* Assigned task
Within the entries below, please retype exactly the lines starting with the line that has "Za osnovne gradbene" and going on through the line that has "- Attention : pendant", but not the pictures.

* Task data

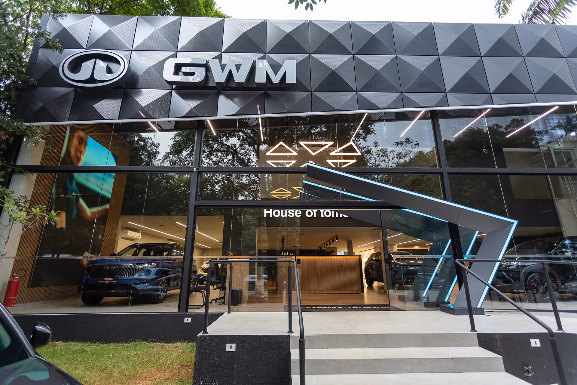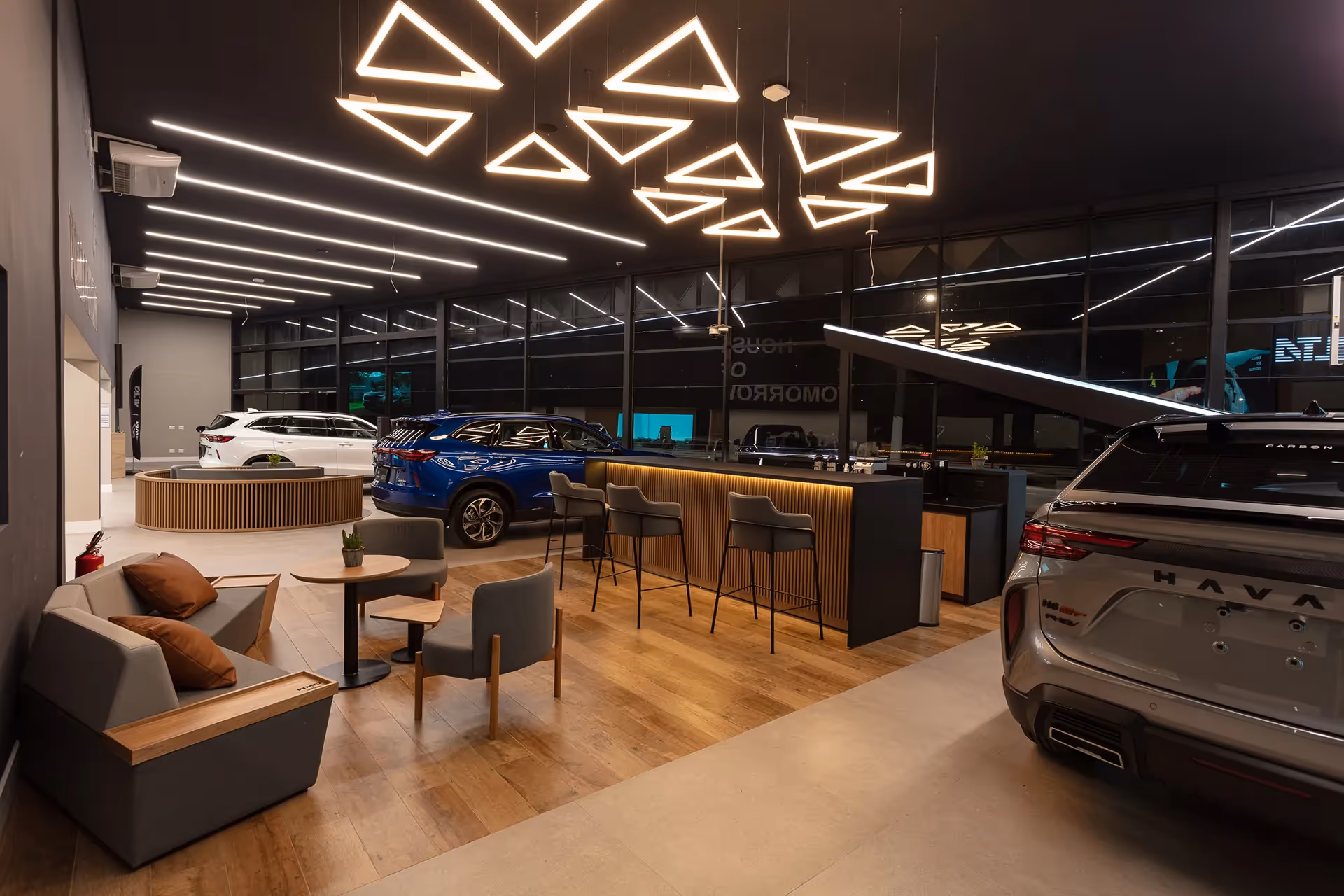 A paleta de cores neutras e materiais sustentáveis refletem o compromisso da GWM com a sustentabilidade. Elementos LED dinâmicos e iluminação inteligente criaram uma atmosfera futurista. 117 lojas de rua e 74 lojas de shopping.
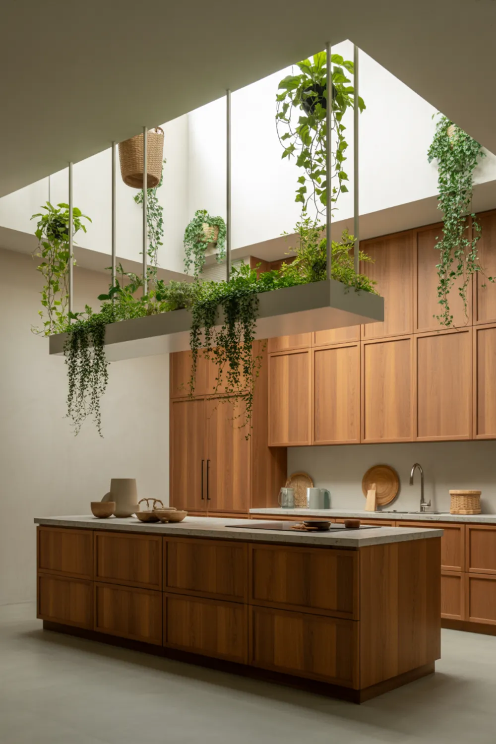 A skylight above the main cooking area brings in natural light that pairs beautifully with warm wood tones. You can add hanging plants or a vertical herb garden to build a fresh, indoor-outdoor feel.
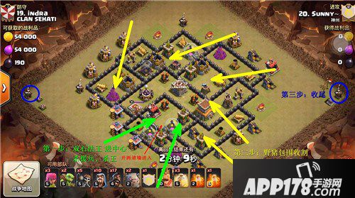 这打法利用一个石头,清掉一小片防御,并且轻松杀掉蛮王,为野猪减轻任务。
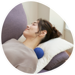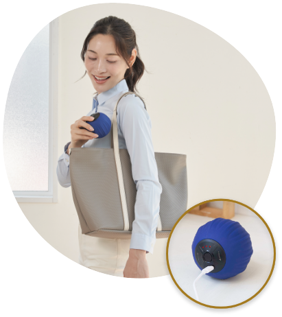 手で持たなくても、もたれたり寝転がったり体重をかけるだけで簡単にケアをすることができます。体重のかけ具合によってカラダへの圧を調整し、自分好みの刺激でケア。球体なので、使い方を限定することなく、様々な部位に使えます。
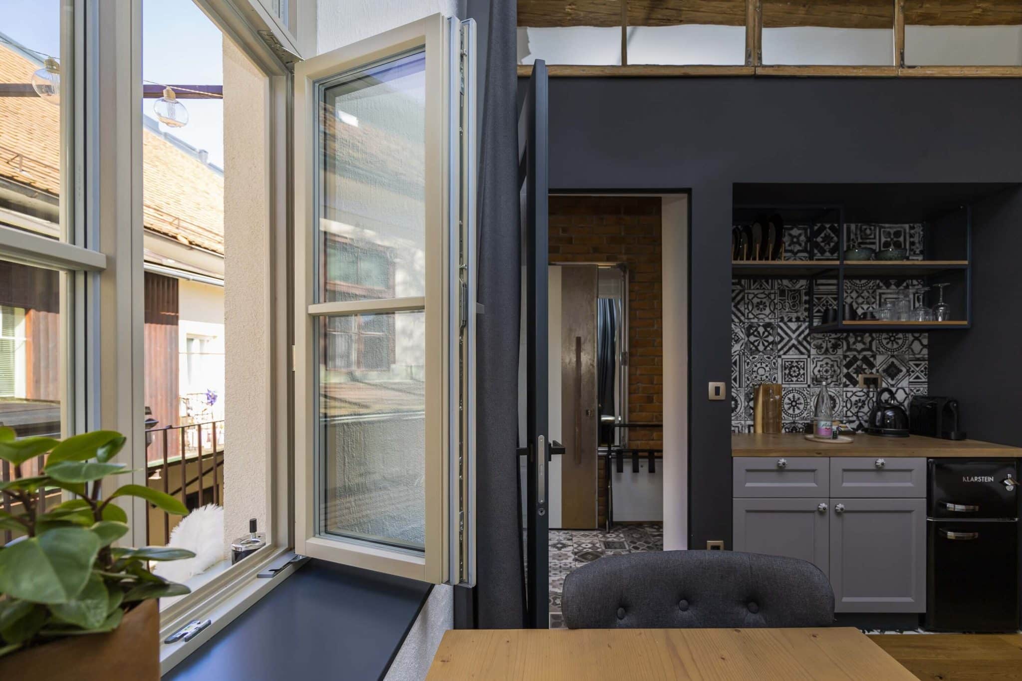 Za osnovne gradbene elemente, kot je stavbno pohištvo (okna, vrata) sta zahtevala brezpogojno kakovost tako po tehnični kot oblikovalski plati. Ker je imelo prvotno staromeščansko stanovanje lesena okna in sta želela ohraniti ta duh meščanskega stanovanja, sta se pri prenovi odločila kar se da slediti tej logiki. Lesena okna s svojo naravno strukturo, značilnim vonjem in videzom, so bila edina možna izbira.
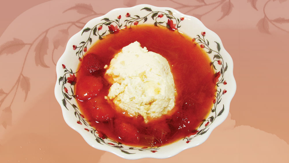 Rabarberu un zemeņu ķīselis ar vafeļu krēmu
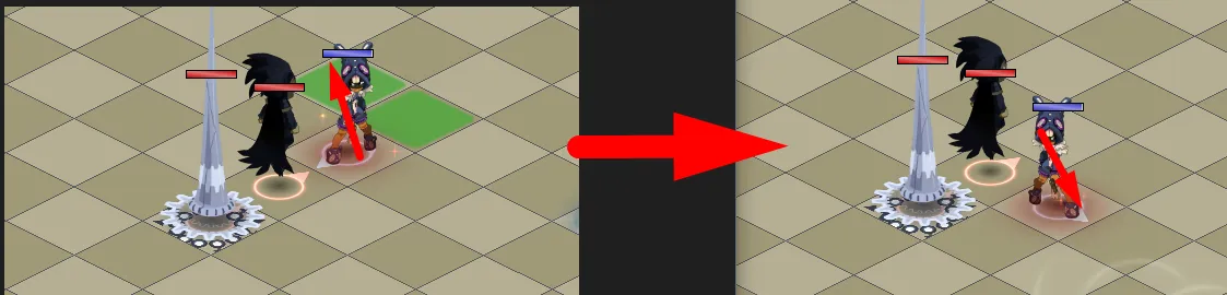 - Attention : pendant cette phase, si vous lancez un sort depuis une case rouge, la case se désactivera à nouveau
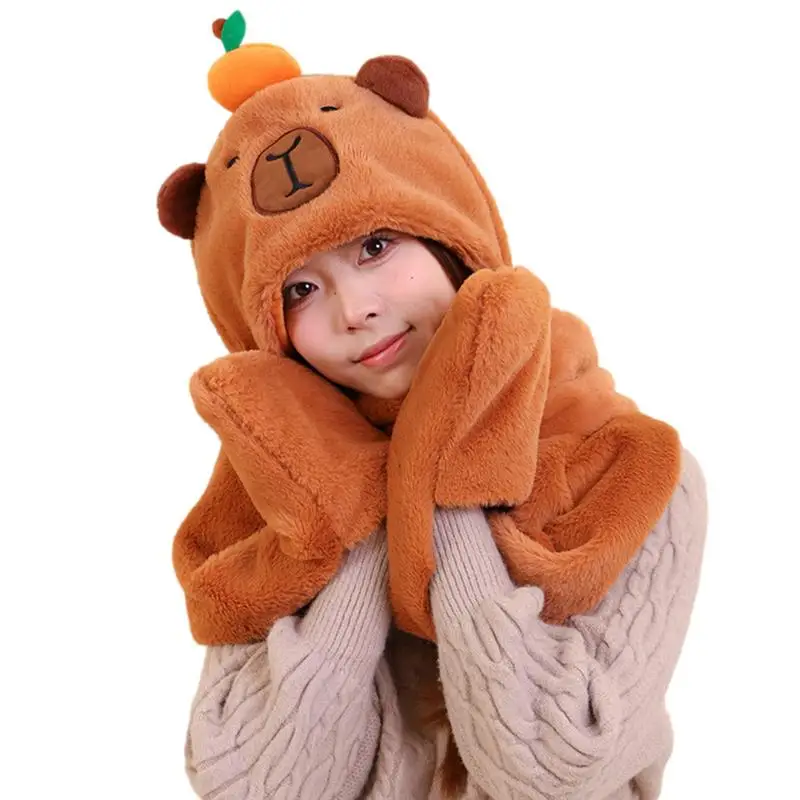 3 In 1 Cute Capybara Hat Scarf Gloves Set Warm Capybara Plush Hooded Scarf Beanie Caps Perfect Winter Gift For Women Girls
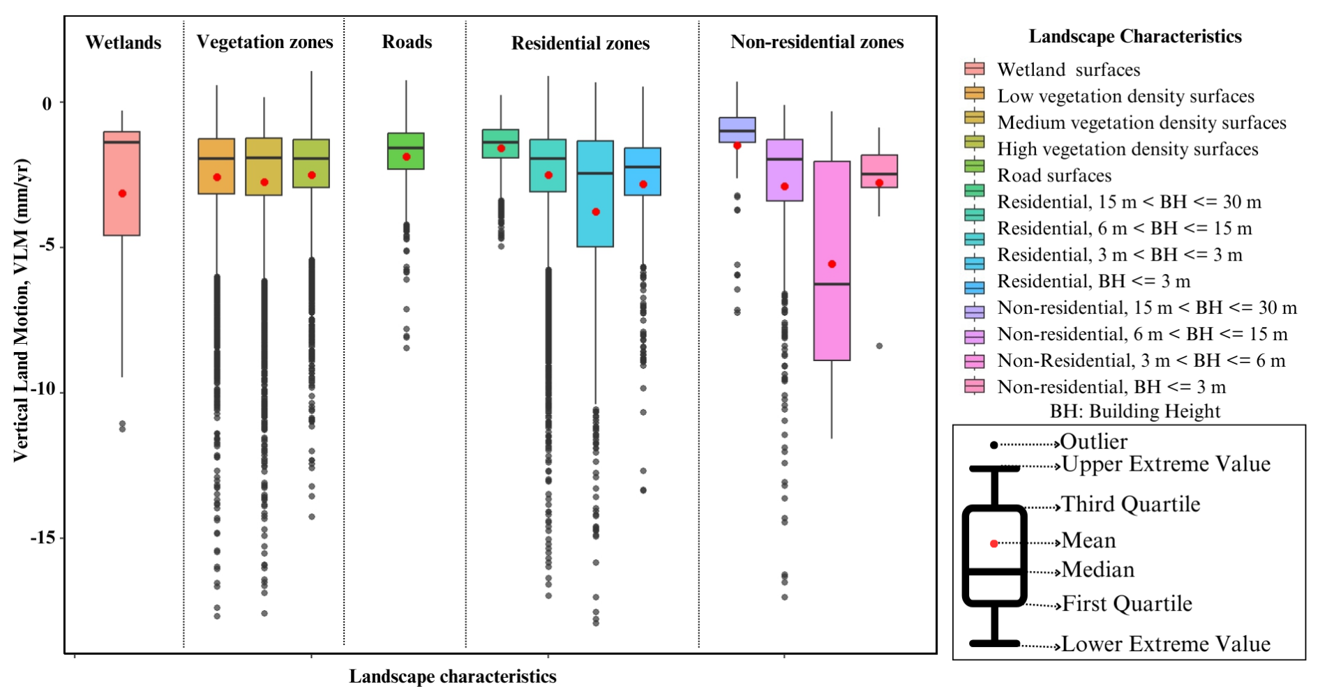 With reference to the urban city of Douala, we investigated the influence of various urban morphological (landscape) characteristics, including wetlands, vegetation zones, roads, and residential and non-residential zones on land subsidence rates. The results revealed significant variations in land subsidence between the residential and non-residential zones. In residential zones, the highest subsidence rate was observed when building heights ranged between 3 and 6 m, whereas taller buildings exhibited relatively lower land subsidence. A similar trend was observed in the non-residential zones (Fig. 11). Taller buildings experienced less subsidence, potentially because of their deep foundations, which made them more stable and unaffected by shallow soil compaction, such as auto-compaction and lowering of the groundwater level in the phreatic aquifer system (Minderhoud et al., 2025). De Wit et al. (2021) reported similar observations in the Mekong Delta, as did Koster et al., (2018), Verberne et al., (2023), and Maoret et al., (2024) in cities in The Netherlands. Nevertheless, we acknowledge that the ability to distinguish deformation patterns between tall and low-rise buildings could be improved using a Persistent Scatterer InSAR (PS-InSAR) processing chain. The InSAR dataset employed in this study provides first-order insights into spatial deformation trends. However, the processing approach used introduces spatial smoothing, which may obscure localized variations in displacement, particularly in densely built-up areas. Future studies applying PS-InSAR methods with higher temporal and spatial sampling could therefore better resolve these fine-scale deformation differences and strengthen the interpretation of structural–geotechnical interactions across the urban landscape. In this context, this study provides a foundation for future detailed investigations of the vulnerability of the Douala coastland to the compound effects of environmental hazards associated with differential land subsidence and consequent relative sea-level rise.
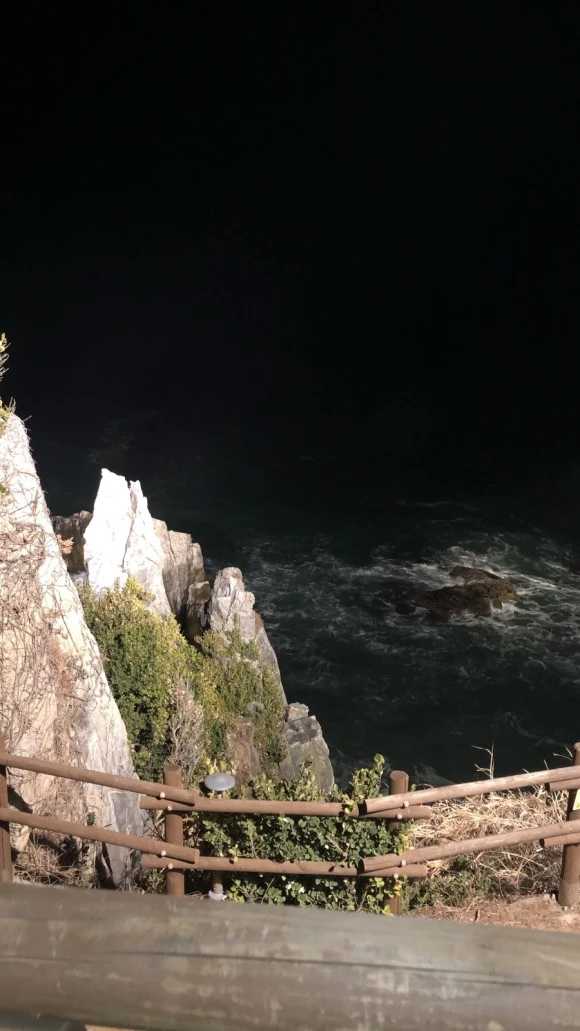 나는 바위나 동상같이 크고 억센 물체엔 원체 관심이 없는 사람이었다. 굳이 왜 사람들이 바위에 이름을 붙이고 보러 가는지에 대해 의문이었다. 하지만 실제로 보니 앤의 말이 맞았다. 거친 파도에 맞서 제자리를 지키고 있는 촛대바위는 물론이고, 그 주변의 다른 바위들과 어우러지는 밤의 바다가 멋있었다. 이날의 밤바다는 거센 파도가 일었다. 억겹의 시간 동안 파도와 바람에 깎이고 깎여나간 바위의 모습들이 그려졌다. 홍에게 내가 본 겨울의 추암은 사납고 험한 느낌이라고 말하자, 홍은 본인이 찍은 드론 영상을 보여줬다. 여름의 추암은 또 다른 모습이었다. 평화롭고 고요했다.
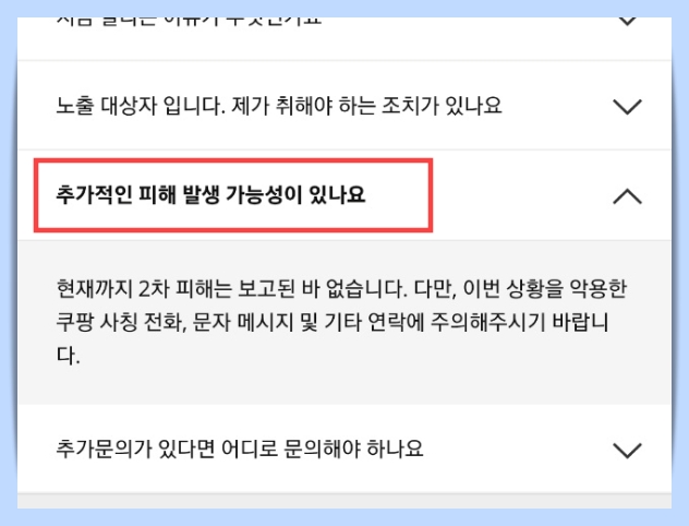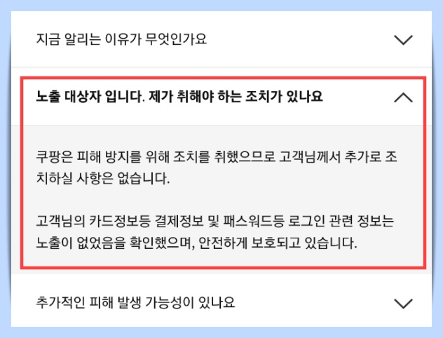 쿠팡이 피행 방지를 위해 조치 했으며 고객님이 추가로 조치할 사항은 없음 - 추가적 치해 발생 가능성?
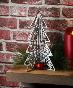 10 in. and 7 in. Silver Christmas Trees Table Decor. Lightweight Wood. Set of 2
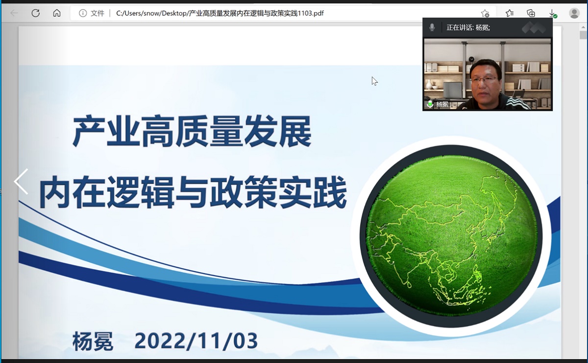11月3日,經(jīng)濟(jì)管理學(xué)院“勵(lì)學(xué)講堂”第3期以騰訊會(huì)議形式舉行。武漢大學(xué)經(jīng)濟(jì)與管理學(xué)院教授、博士生導(dǎo)師、經(jīng)濟(jì)研究所所長、湖北省人文社科重點(diǎn)研究基地——武漢大學(xué)人口·資源·環(huán)境經(jīng)濟(jì)研究中心主任楊冕教授受邀為學(xué)院師生開展主題為“產(chǎn)業(yè)高質(zhì)量發(fā)展內(nèi)在邏輯與政策實(shí)踐”的學(xué)術(shù)報(bào)告。講座由經(jīng)管學(xué)院郭正權(quán)教授主持。?楊冕教授重點(diǎn)闡述高質(zhì)量發(fā)展的由來及其本質(zhì)內(nèi)涵,通過豐富理論知識(shí)向與會(huì)師生深刻的闡述了產(chǎn)業(yè)高質(zhì)量發(fā)展的核...
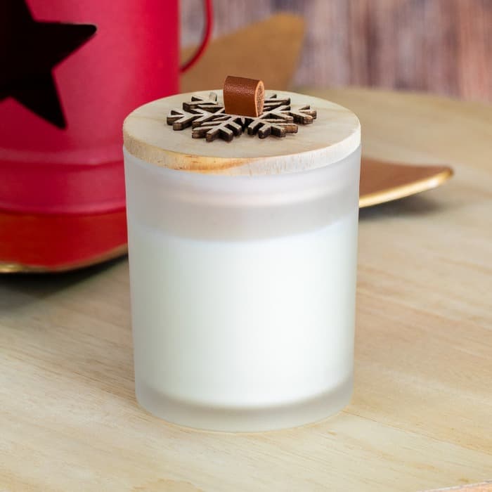 Vela con diseño navideño con aroma vainilla. Fabricada en cristal, con tapa de madera pulida y relieve diseñado en forma de copo de nieve. Presentada en caja individual kraft.
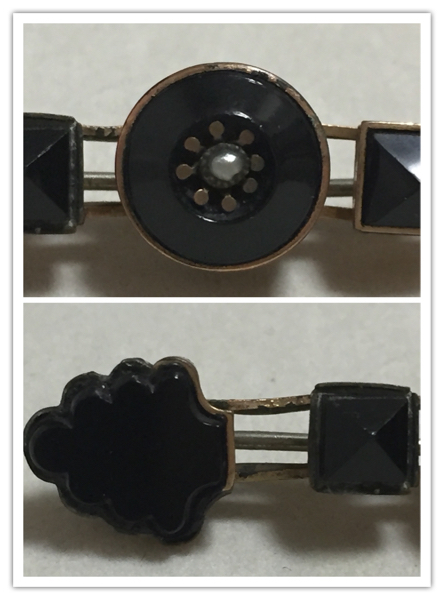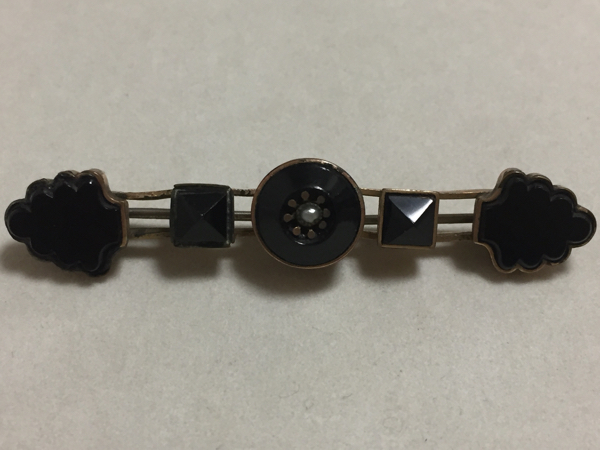 アンティーク、アール・デコのウィットビージェットを使用した、シードパールを施した、モーニングジュエリーです。経年による劣化があります。 縦1.1cm、横5.8cm、重さ5.6g
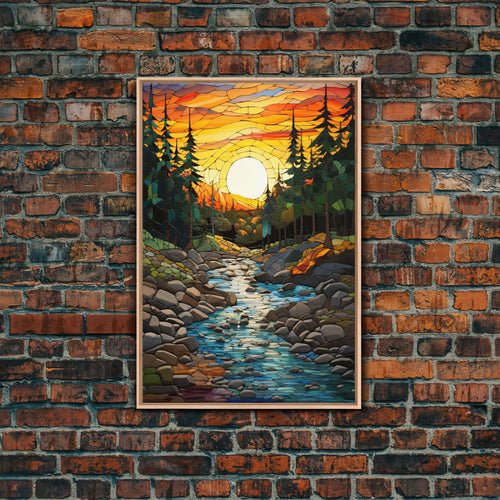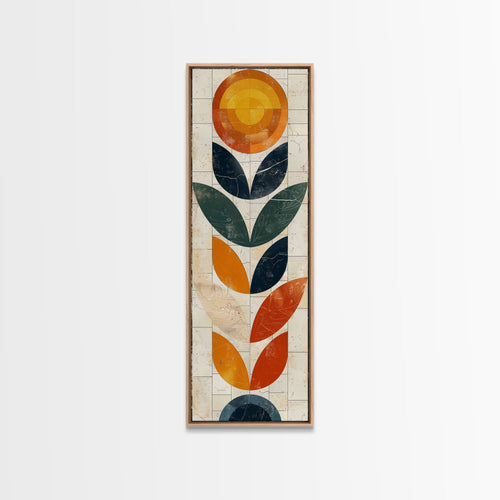 Abstract Geometric Stained Glass Design in Vibrant Colors - Framed Canvas Print, Midcentury Modern Art, Skinny Art, Tall Art, Living Room Wall Decor

* Result for this task
 Za osnovne gradbene elemente, kot je stavbno pohištvo (okna, vrata) sta zahtevala brezpogojno kakovost tako po tehnični kot oblikovalski plati. Ker je imelo prvotno staromeščansko stanovanje lesena okna in sta želela ohraniti ta duh meščanskega stanovanja, sta se pri prenovi odločila kar se da slediti tej logiki. Lesena okna s svojo naravno strukturo, značilnim vonjem in videzom, so bila edina možna izbira.
 Rabarberu un zemeņu ķīselis ar vafeļu krēmu
 - Attention : pendant cette phase, si vous lancez un sort depuis une case rouge, la case se désactivera à nouveau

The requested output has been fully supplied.